BEGIN Supplied material

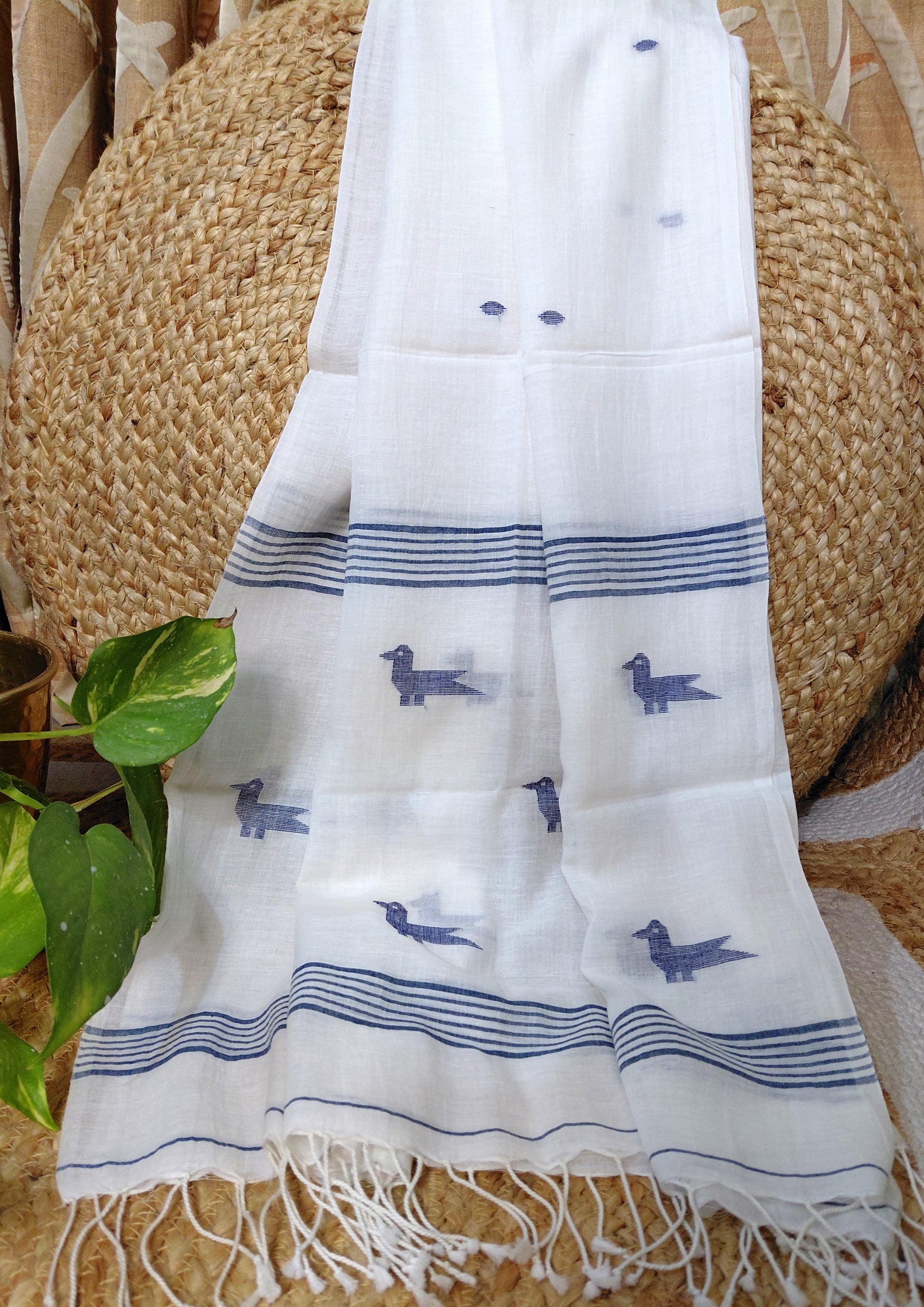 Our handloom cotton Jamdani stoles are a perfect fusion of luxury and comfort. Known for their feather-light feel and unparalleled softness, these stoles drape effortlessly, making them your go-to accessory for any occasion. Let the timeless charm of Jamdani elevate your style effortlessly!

END Supplied material
BEGIN Supplied material

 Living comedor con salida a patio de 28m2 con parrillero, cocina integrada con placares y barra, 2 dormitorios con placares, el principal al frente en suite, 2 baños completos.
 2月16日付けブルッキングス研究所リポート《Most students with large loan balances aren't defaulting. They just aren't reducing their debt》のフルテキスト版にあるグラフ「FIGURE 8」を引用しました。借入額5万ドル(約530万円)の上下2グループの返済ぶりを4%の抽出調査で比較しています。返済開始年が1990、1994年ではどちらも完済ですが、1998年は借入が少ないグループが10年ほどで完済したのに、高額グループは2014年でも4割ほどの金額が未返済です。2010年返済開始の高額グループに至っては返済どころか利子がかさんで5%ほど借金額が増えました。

END Supplied material

◆ About this task
Using the entries above, repeat only the lines from the one containing "Living comedor con" through the one containing "2月16日付けブルッキングス研究所リポート《Most students with", end lines included.

◆ The completed task
 Living comedor con salida a patio de 28m2 con parrillero, cocina integrada con placares y barra, 2 dormitorios con placares, el principal al frente en suite, 2 baños completos.
 2月16日付けブルッキングス研究所リポート《Most students with large loan balances aren't defaulting. They just aren't reducing their debt》のフルテキスト版にあるグラフ「FIGURE 8」を引用しました。借入額5万ドル(約530万円)の上下2グループの返済ぶりを4%の抽出調査で比較しています。返済開始年が1990、1994年ではどちらも完済ですが、1998年は借入が少ないグループが10年ほどで完済したのに、高額グループは2014年でも4割ほどの金額が未返済です。2010年返済開始の高額グループに至っては返済どころか利子がかさんで5%ほど借金額が増えました。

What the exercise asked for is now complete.